Adapters

Bernstein is model-agnostic. Use Aider, Amp, Claude Code, Codex, Cursor, Gemini CLI, Qwen, Roo Code — or any CLI agent — without changing your orchestration. Switch providers without rewriting anything.

Why model-agnostic

Every major AI lab now ships an agent framework that works best (or only) with their own models.
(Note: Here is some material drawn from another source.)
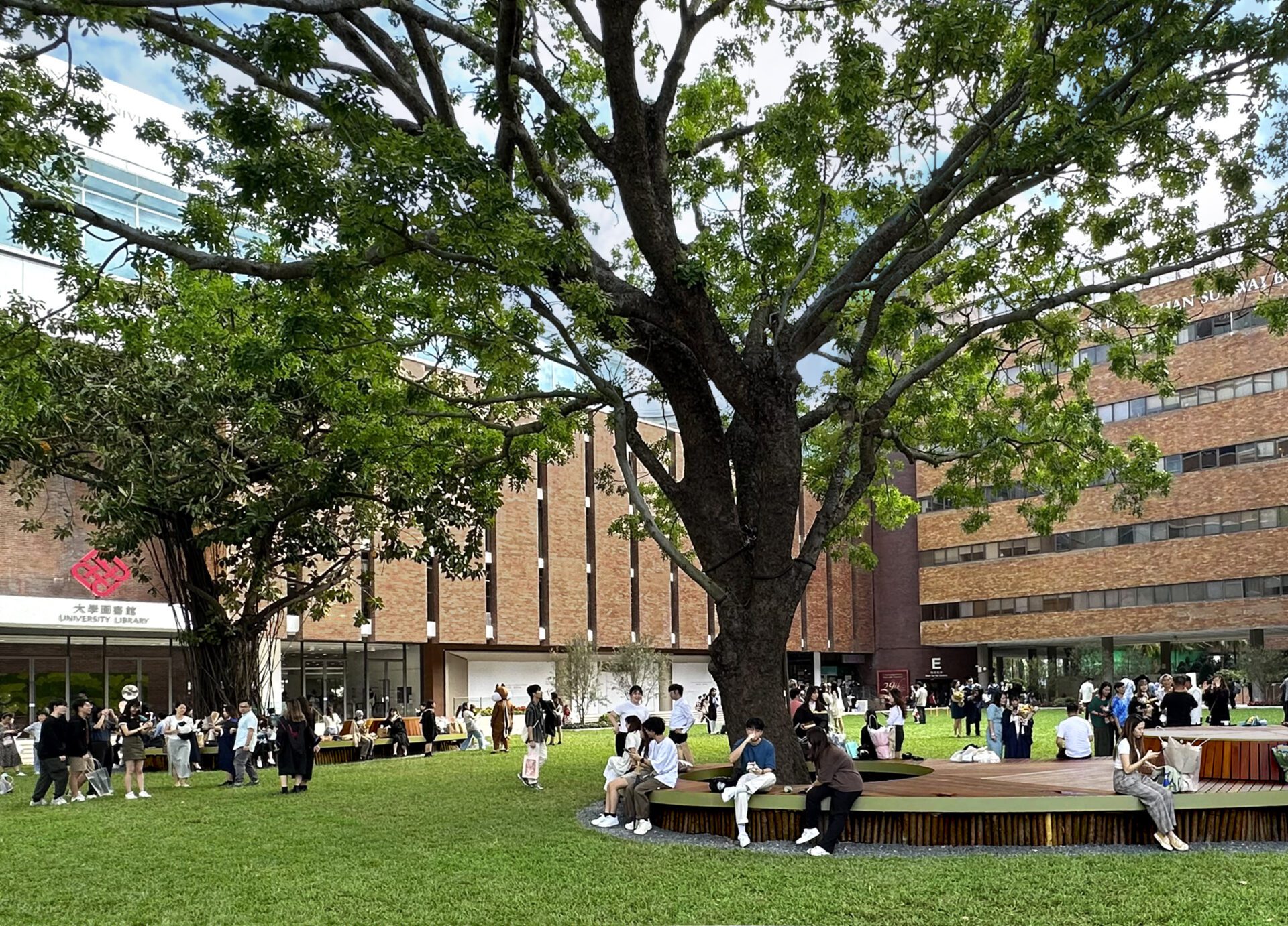 The usual preference for large empty space in campus setting, leans toward constructing academic or research related facilities, but through reimagining the existing plaza and surrounding space, the design creates a 2,200 s.m. pedestrian-friendly lawn and open area that enhances circulation around Block M and the Library Area. This redefined the value of open space in academic environment, as the space will not only provide a serene retreat for relaxation and reconnection with nature but also to accommodate large-scale events for the PolyU community and visitors, such as Flag raising ceremonies, Graduation ceremonies, Information Day, academic fairs to cultural celebrations. These events serve as a welcoming and dynamic showcase for campus life, and strengthens PolyU's reputation as a forward-thinking and inclusive institution.

That creates fragility: today's best model is rarely tomorrow's, and enterprise teams can't afford to rewrite orchestration every time they evaluate a new provider.
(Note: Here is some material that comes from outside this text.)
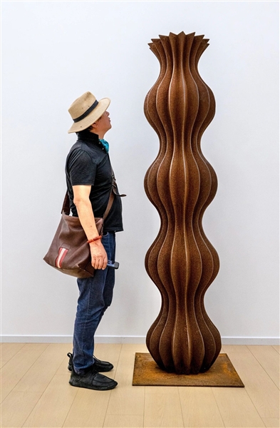 “故乡,不仅仅是一个地理上的概念、出生的地方,更是一种精神上的寄托和归宿,是我精神的家园。”苏新平说。他的作品极具个人色彩,用绘画语言讲述着对人文和自然的思考。霍伯特·梅勒则通过垂直向度的构成体系,发展出具有空间可调节性的雕塑语言,将耐候钢雕塑呈现的硬质边棱转化为柔韧曲线。这些雕塑作品有的类同植物生长的形态,有的呼应人体曲线、建筑构造或技术美学的理性秩序。

Bernstein decouples orchestration from model choice. The orchestrator is deterministic Python — it schedules tasks, routes models, and verifies results without talking to any LLM. Each CLI agent is a thin subprocess adapter. Swapping the adapter is a one-line config change.

Concrete benefits:

Feature matrix

Feature Aider Amp Claude Code Codex CLI Cursor Gemini CLI Kilo Qwen Roo Code Generic
Model selection Any (via --model) opus 4.6 / gpt-5.4 opus / sonnet / haiku gpt-5.4 / o3 / o4-mini sonnet 4.6 / opus 4.6 / gpt-5.4 gemini-3-pro / 3-flash / 2.5-pro Any (provider/model) qwen3-coder / qwen-max opus 4.6 / sonnet 4.6 / gpt-4o Pass-through
Effort levels max / high / medium / low
MCP config injection ✓ (--add-mcp) ✓ (--mcp)
Structured JSON output ✓ (stream-json)
Tier detection ✓ (API key prefix) ✓ (org ID / key prefix) ✓ (~/.cursor/ present) ✓ (GCP project / key format) ✓ (~/.kilo/ or API key) ✓ (provider env vars)
Auto-approval --yes Built-in --dangerously-skip-permissions --approval-mode full-auto Built-in agent mode --sandbox none --yes -y Via config Via extra_args
Web search Depends on model Native Via MCP Native Native Native Depends on model Via Tavily (optional) Via MCP Depends on CLI
OpenAI-compatible backends ✓ (OpenRouter, Together, Oxen)
Local / offline models ✓ (via OpenAI-compat server) ✓ (via OpenAI-compatible server)

Aider

Provider: OpenAI / Anthropic / any OpenAI-compatible  |  CLI flag: --cli aider

pip install aider-chat
export OPENAI_API_KEY=sk-...   # or ANTHROPIC_API_KEY

Aider is a popular open-source coding assistant that works with any model provider. Bernstein runs it with --yes --no-git --message <prompt> for non-interactive headless operation. Model selection is passed through via --model. Aider supports local models through any OpenAI-compatible API server (LM Studio, Ollama, vLLM).

Amp

Provider: Sourcegraph  |  CLI flag: --cli amp

brew install amp
# Auth via Sourcegraph account

Amp is Sourcegraph's coding agent. Bernstein uses its headless mode for autonomous operation. Model selection depends on the user's Sourcegraph subscription tier.

Claude Code

Provider: Anthropic  |  CLI flag: --cli claude

npm install -g @anthropic-ai/claude-code
export ANTHROPIC_API_KEY=sk-ant-...

The Claude adapter has the most integration depth: it uses --output-format stream-json to parse structured output, maps effort levels to --effort and --max-turns, and passes MCP server config directly via --mcp-config.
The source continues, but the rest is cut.